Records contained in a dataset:
———

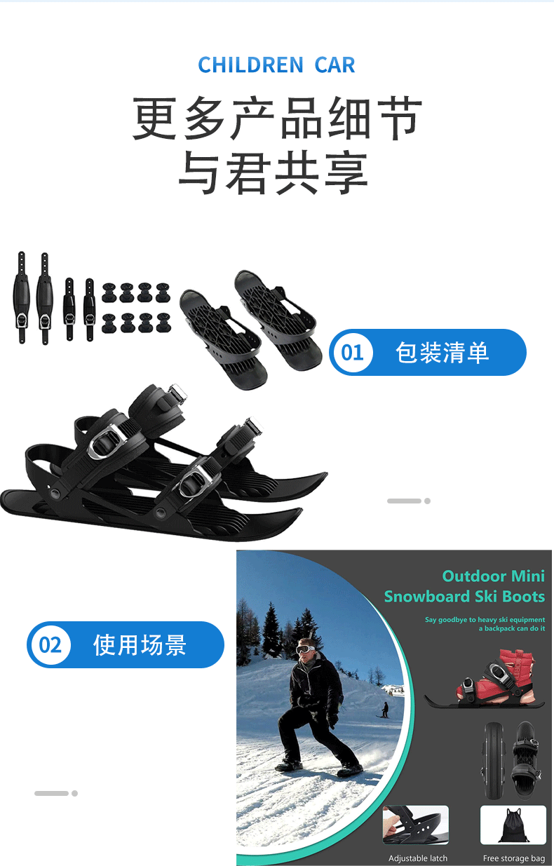 跨境便捷式户外滑雪运动滑雪鞋女滑雪儿童双板固定器玩雪工具
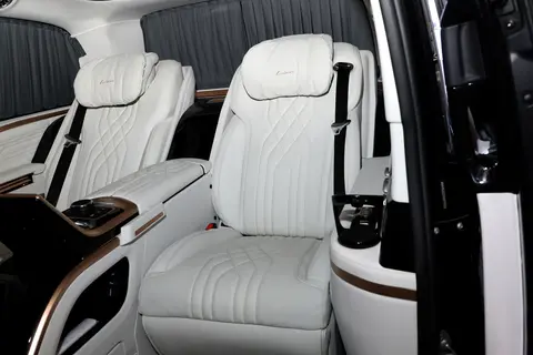 内饰方面,2025款Lorinser VS600MX湾流·四座车型或在中控台饰板、方向盘等细节使用仿碳纤维纹路。同时,该车座椅使用真皮与翻毛皮包裹,除配色和材质调整外,其前排设计预计与原厂新款奔驰V级一致。
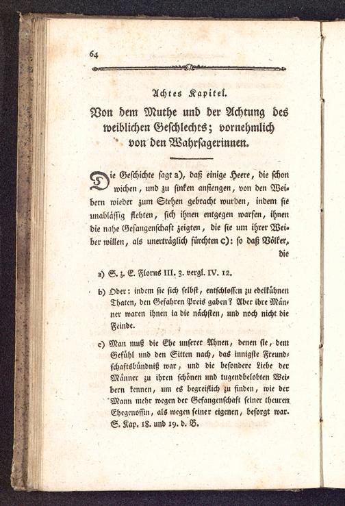c) Man muß die Ehe unserer Ahnen / denen sie, demGefühl und den Sitten nach, daS innigste Freund-schaftsbündniß war, und die besondere Liebe derManner zu ihren schönen und tugendbelobten Wei»bern kennen, um es begreiflich ju finden, wie der"Mann mehr wegen der Gefangenschaft seiner theuren.Ehcgenossin, als wegen seiner eigenen / besorgt war.S. Kap. 18. und 19. d. B.
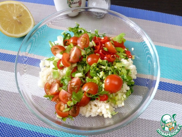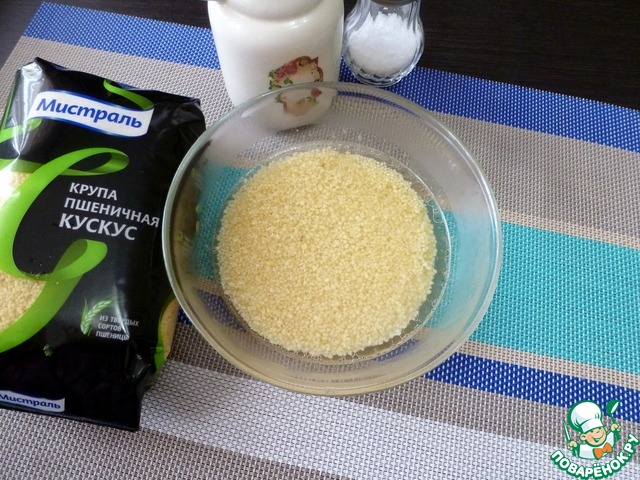 Кускус залить горячей водой, ориентируясь инструкции на упаковке. Добавить лимонного сока, оливкового масла, немного посолить и дать набухнуть минут 10-15.
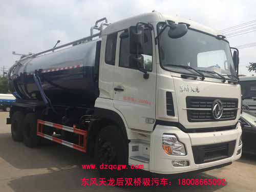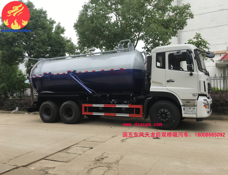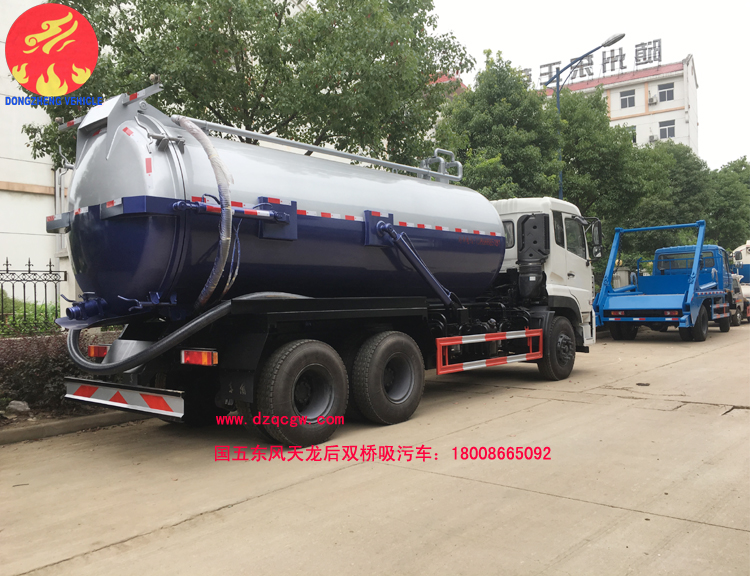 底盤說明:東風天龍后雙橋底盤,國五康明斯發(fā)動機,7T前橋,10噸后橋,陜齒9檔變速箱,11.00R20鋼絲胎,帶空調,ABS。該車用途為吸污,主要裝置為污罐.罐體有效容積:15.48立方米,介質:液態(tài)污物,罐體外形尺寸(直段長×直徑)(mm):5600×1950,5300×1950.選用4350+1350mm軸距。 |
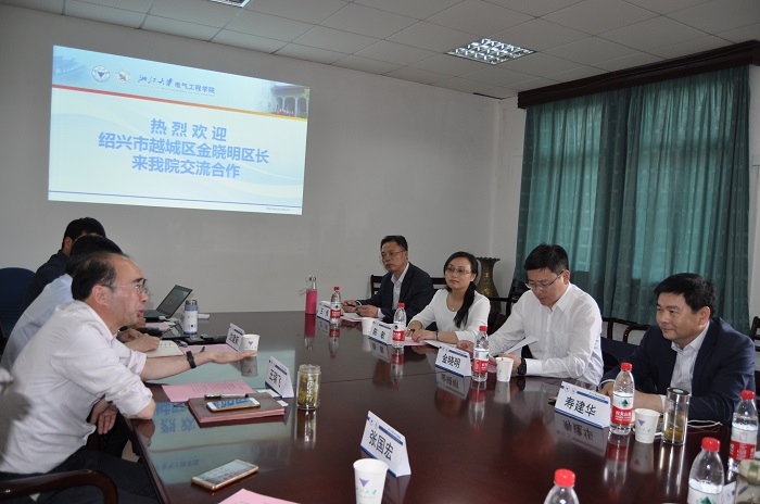 2018年4月20日,绍兴市越城区人民政府区长、高新区管委会主任金晓明,越城区委常委、高新区管委会副主任寿建华,学院派出干部、越城区人民政府副区长陈敏等一行7人访问我院,学院党委书记王瑞飞、副院长沈建新会见来宾,综合办、科研科等相关部门负责人参加了会见。

———

WHAT YOU WILL DO:
Take the entries shown above and quote them verbatim, passing over the pictures.

ANSWER:
 跨境便捷式户外滑雪运动滑雪鞋女滑雪儿童双板固定器玩雪工具
 内饰方面,2025款Lorinser VS600MX湾流·四座车型或在中控台饰板、方向盘等细节使用仿碳纤维纹路。同时,该车座椅使用真皮与翻毛皮包裹,除配色和材质调整外,其前排设计预计与原厂新款奔驰V级一致。
c) Man muß die Ehe unserer Ahnen / denen sie, demGefühl und den Sitten nach, daS innigste Freund-schaftsbündniß war, und die besondere Liebe derManner zu ihren schönen und tugendbelobten Wei»bern kennen, um es begreiflich ju finden, wie der"Mann mehr wegen der Gefangenschaft seiner theuren.Ehcgenossin, als wegen seiner eigenen / besorgt war.S. Kap. 18. und 19. d. B.
 Кускус залить горячей водой, ориентируясь инструкции на упаковке. Добавить лимонного сока, оливкового масла, немного посолить и дать набухнуть минут 10-15.
 底盤說明:東風天龍后雙橋底盤,國五康明斯發(fā)動機,7T前橋,10噸后橋,陜齒9檔變速箱,11.00R20鋼絲胎,帶空調,ABS。該車用途為吸污,主要裝置為污罐.罐體有效容積:15.48立方米,介質:液態(tài)污物,罐體外形尺寸(直段長×直徑)(mm):5600×1950,5300×1950.選用4350+1350mm軸距。 |
 2018年4月20日,绍兴市越城区人民政府区长、高新区管委会主任金晓明,越城区委常委、高新区管委会副主任寿建华,学院派出干部、越城区人民政府副区长陈敏等一行7人访问我院,学院党委书记王瑞飞、副院长沈建新会见来宾,综合办、科研科等相关部门负责人参加了会见。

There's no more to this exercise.